- Genres: Mexican son music (old mariachi)
- Years active: 1979–present
- Members: José Luis Perujo, Javier Lassard, Carlos Carral, Sergio Mendez, Emilio Perujo and María Perujo.
- Website: https://www.facebook.com/pages/Mariachi-Charanda/306224399512990

= Mariachi Charanda =

Mariachi Charanda is a traditional mariachi or “son” musical group from Mexico. The group works to conserve the version of this music, originally done only with string instruments, working with educational and cultural institutions to present this antique style of music all over Mexico and abroad.

Founded in 1979, the group has been together over thirty years, with members José Luis Perujo on the violin, Javier Lassard on violin, Carlos Carral in Mexican vihuela, Sergio Mendez on guitarra de golpe, Emilio Perujo on guitarrón mexicano, with vocals by María Perujo.

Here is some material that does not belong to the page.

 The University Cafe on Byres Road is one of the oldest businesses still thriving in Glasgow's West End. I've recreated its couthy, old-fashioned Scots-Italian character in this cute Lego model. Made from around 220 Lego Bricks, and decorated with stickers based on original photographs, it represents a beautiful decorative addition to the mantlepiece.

The group’s repertoire mostly consists of traditional son music from western states, Jalisco, Colima, Nayarit and Michoacán, but it has incorporated some work from other regions in Mexico. Songs include El Capulinero, Atotonilco, El Sauce y la Palma, La Pulquería, México Lucido, El Toro Viejo, La Tequilera and El Huizache.

Mariachi Charanda collaborates with cultural and educational institutions such as the Secretaría de Educación Pública, CONACULTA and UNAM appearing on programs such as Radio Educación, Radio Universidad, Once TV, Cadena Tres and the Discovery Channel. They have also participated in children's events such as Alas y Raíces and Jugares y Juglares in Mexico City.

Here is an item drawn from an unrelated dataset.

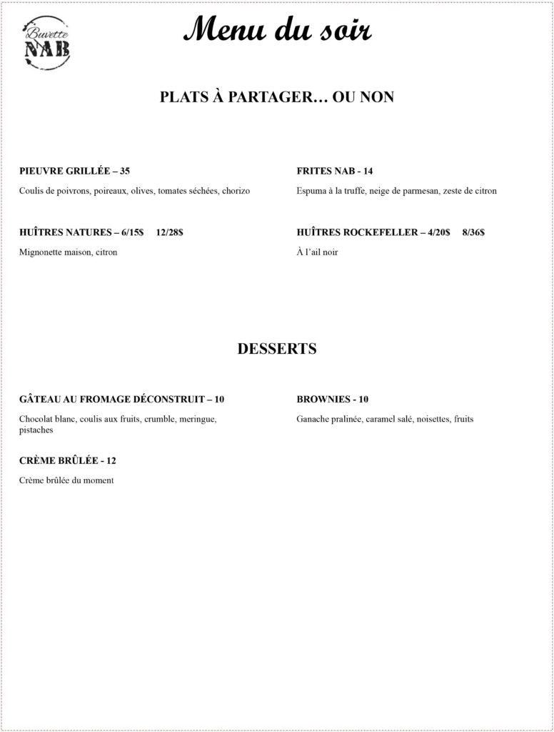 Que ce soit pour célébrer un anniversaire, organiser un dîner d‘affaires ou simplement passer une soirée mémorable entre amis, Buvette NAB vous offre le cadre parfait pour vos moments d’exception.

The group has performed in most of the principal theaters of Mexico and have appeared in every state of the country, especially at cultural festivals in San Luis Potosí, Tlaxcala, Jalisco, Puebla, Morelos and other states. They have also appeared at the First International Mariachi Encounter (Primer Encuentro Internacional de Mariachi) and the ninth National Traditional Mariachi Encounter (Encuentro Nacional de Mariachi Tradicional) in Guadalajara. In addition, they have toured Europe (Spain, France, Greece), South America (Brazil, Argentina) and various cities in the United States and Canada.